Questions fréquentes sur la responsabilité contractuelle et délictuelle

Peut-on cumuler la responsabilité contractuelle et délictuelle pour un même dommage ?

En principe non, sauf exception. La règle générale en droit suisse est que les deux bases de responsabilité ne peuvent pas être cumulées librement : la victime doit choisir l'une ou l'autre. Toutefois, lorsque l'inexécution du contrat constitue simultanément un délit civil (par exemple une tromperie qui est à la fois un dol contractuel et un acte délictuel), la victime peut exercer les deux actions en parallèle si elles ne mènent pas à une double indemnisation du même dommage. Le Tribunal fédéral admet le concours d'actions dans des cas limités.

Qui supporte le fardeau de la preuve en responsabilité contractuelle vs délictuelle ?
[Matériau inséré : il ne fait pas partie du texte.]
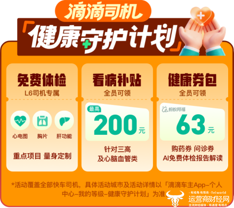 滴滴始终关注司机师傅的健康,于4月升级了“滴滴司机健康守护计划”,为全国快车司机提供针对三高及心脑血管问题的季度健康补贴。同时,滴滴联合互联网健康平台,首批与蚂蚁阿福合作,为司机提供在线问诊和线上购药优惠。部分城市的L6 高等级司机还可享价值300元的年度免费定制体检。

C'est là une différence fondamentale. En responsabilité contractuelle (art. 97 CO), la faute du débiteur est présumée : c'est lui qui doit prouver qu'il n'a commis aucune faute pour s'exonérer. En responsabilité délictuelle (art. 41 CO), c'est la victime qui doit prouver tous les éléments de la responsabilité : la faute du défendeur, le dommage et le lien de causalité adéquate. Cette différence rend souvent la responsabilité contractuelle plus facile à engager.

Qu'est-ce que la causalité adéquate et comment s'apprécie-t-elle ?

Le lien de causalité adéquate est une condition de toute action en responsabilité en droit suisse. Il suppose d'abord un lien de causalité naturelle (le dommage ne se serait pas produit sans l'acte fautif — théorie de l'équivalence des conditions) et ensuite un lien de causalité adéquate : selon le cours ordinaire des choses et l'expérience générale de la vie, l'acte en cause était propre à causer un tel dommage. Le Tribunal fédéral exclut l'adéquation causale si le dommage est dû à une chaîne de causes extraordinaire et imprévisible.

Dans quels cas la responsabilité du fait d'autrui est-elle engagée en Suisse ?

L'art. 55 CO prévoit la responsabilité de l'employeur pour les dommages causés par ses auxiliaires (employés, sous-traitants) dans l'exercice de leur travail, sauf s'il prouve avoir pris toutes les précautions commandées par les circonstances pour éviter le dommage (exculpation). L'art. 101 CO étend cette responsabilité aux auxiliaires utilisés dans l'exécution d'un contrat (responsabilité contractuelle du fait d'autrui). En matière délictuelle, l'art. 333 CC prévoit la responsabilité du chef de famille pour les personnes sous sa surveillance.

Peut-on convenir contractuellement d'exclure toute responsabilité en droit suisse ?

Partiellement. L'art. 100 CO interdit d'exclure par contrat la responsabilité pour dol ou faute grave. En revanche, il est licite d'exclure ou de limiter la responsabilité pour faute légère. Les clauses d'exclusion de responsabilité dans les conditions générales sont soumises au contrôle de l'art. 8 LCD dans les contrats avec les consommateurs (nullité si significativement désavantageuses). Pour les contrats B2B, une exclusion contractuelle de responsabilité pour faute légère est en principe valable sous réserve de la règle de l'insolite.